Es gibt nichts was so schmerzlich auf dem trauernden Herzen lastet, oder die müde Kraft im Kampf so sehr lähmt, oder die Seele des Verirrten so ängstlich beunruhigt, als das Bewusstsein allein zu stehen mit seinem Schmerz, in seinem Kampf, auf seinem Weg. Aber in Gemeinschaft sich zu wissen, das hebt, das trägt, das schützt und stützt auch die schwächste Kraft. Es ist die größte Gemeinschaft die es gibt, der reichste, seligste Bund der Seelen den Erde und Himmel kennen, in welchen wir aufgenommen worden sind durch unsere Taufe, in welchem wir stehen durch unsere Gemeinschaft am Evangelio. In Dank und Bitte gehen die Gedanken des Geistesverkehrs hier hin und wieder und helfen uns vorwärts auf dem Wege zur Vollendung.
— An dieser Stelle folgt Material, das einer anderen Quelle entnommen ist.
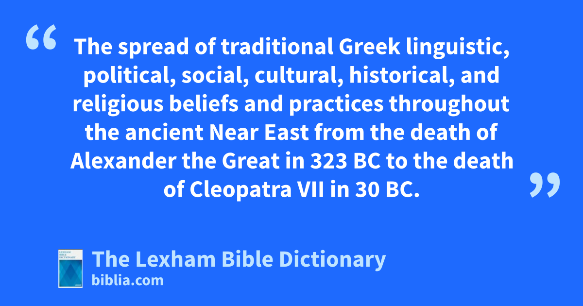 Hellenism The spread of traditional Greek linguistic, political, social, cultural, historical, and religious beliefs and practices throughout the ancient Near East from the death of Alexander the Great in 323 bc to the death of Cleopatra VII in 30 bc.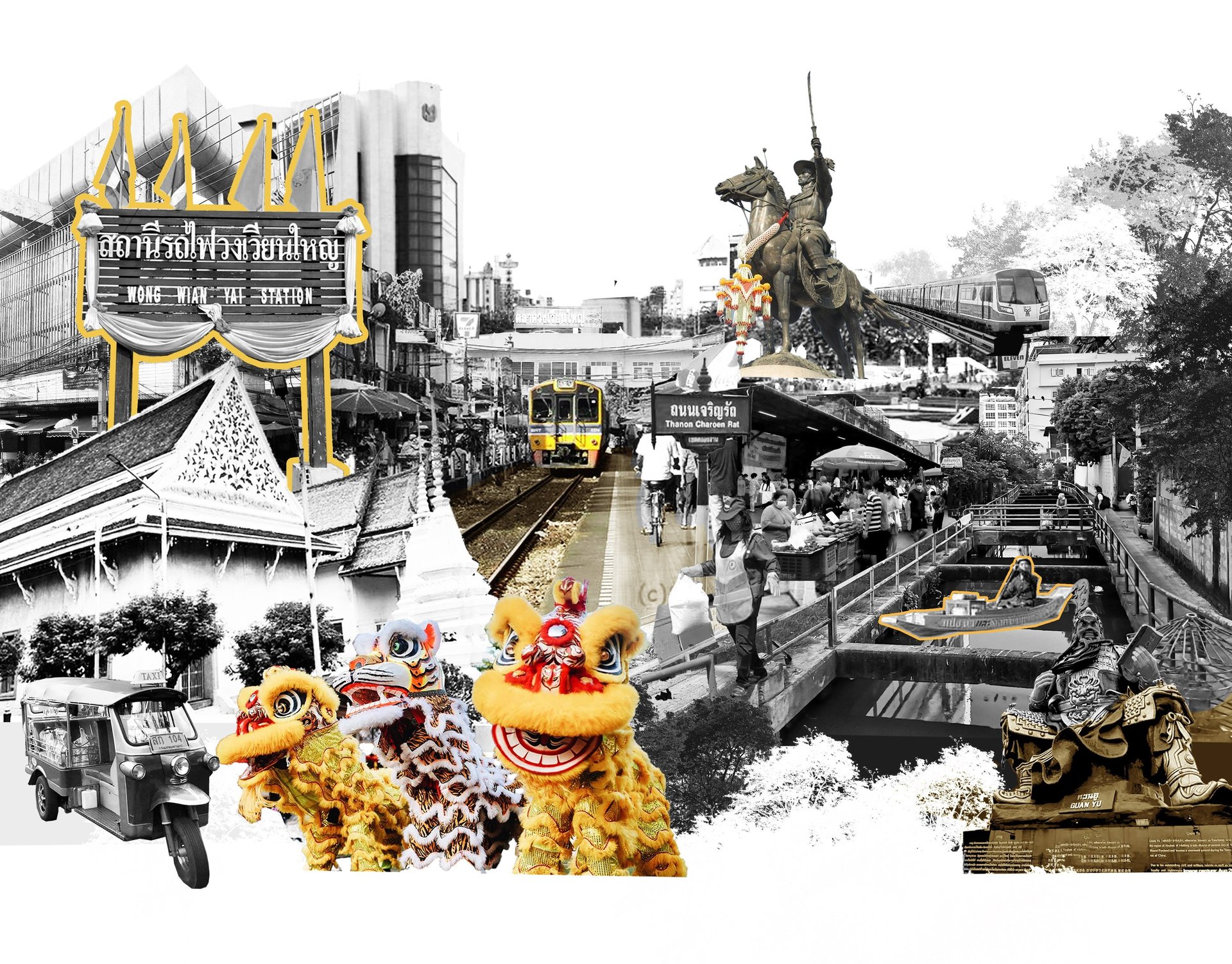 Historical Transportation: Represents Wongwian Yai Railway Station, which has served as a key access route for people in the area from the past to the present.

Zur Vollendung in Erkenntnis und Leben. „Darum bete ich, dass eure Liebe je mehr und mehr reich werde in allerlei Erkenntnis und Erfahrung, dass ihr prüfen mögt was das Beste sei, auf, dass ihr seid lauter und unanstößig bis auf den Tag Christi, erfüllt mit Früchten der Gerechtigkeit, die durch Jesum Christum geschehen zur Ehre und Lobe Gottes.“ Die Erkenntnis nennt der Apostel zuerst; aber nicht eine Erkenntnis bloß des Kopfes, sondern der Erfahrung, eine Erkenntnis die aus dem Leben erwächst und dem Leben dient. Aber allerdings eine Erkenntnis. Denn es soll das neue Werk Gottes in uns eine Sache des ganzen Menschen werden, auch unserer Gedanken, damit wir nicht urteilslos den wechselnden Meinungen der Zeit zur Beute fallen und vor den Götzen des Tages uns beugen, sondern sicher und fest unsere Wege gehen, das Eine Ziel im Auge, das unsere Hoffnung bildet. Diese Hoffnung aber ist der Tag Jesu Christi, welcher die Wirrsal dieser Welt entwirren und die Vermengung von Wahrheit und Lüge, von Licht und Finsternis, von gut und böse scheiden und der guten Sache des Volkes Gottes zum Recht verhelfen und sein Reich zum Siege führen wird. Das ist unsere Hoffnung. Unser Leben hat ein Ziel, ein Ziel der Hoffnung, welches jenseits unseres Todes liegt. Es ist das Ziel des ganzen Weltlaufs das wir hoffen, die Vollendung aller derer in denen Gott sein gutes Werk begonnen, die Vollendung der Gemeinde Jesu Christi, des Reiches Gottes. Diesem Ziel führt uns Gott entgegen. Nicht wir schaffen die Vollendung, Gott schafft sie; nicht wir führen den seligen Abschluss aller Dinge herbei, Gottes Werk ist es; sein Werk auch, dass wir das Ziel erreichen das wir hoffen. Ein Jeglicher aber der solche Hoffnung hat zu ihm, der reinigt sich gleichwie er auch rein ist. Trösten wir uns solcher Hoffnung der Vollendung, so lasst uns denn Sorge tragen, dass wir seien lauter und unanstößig bis auf den Tag Christi, erfüllt mit Früchten der Gerechtigkeit die durch Jesum Christum geschehen zur Ehre und Lobe Gottes! Der aber der in uns angefangen hat das gute Werk, der wird es auch vollführen! Amen.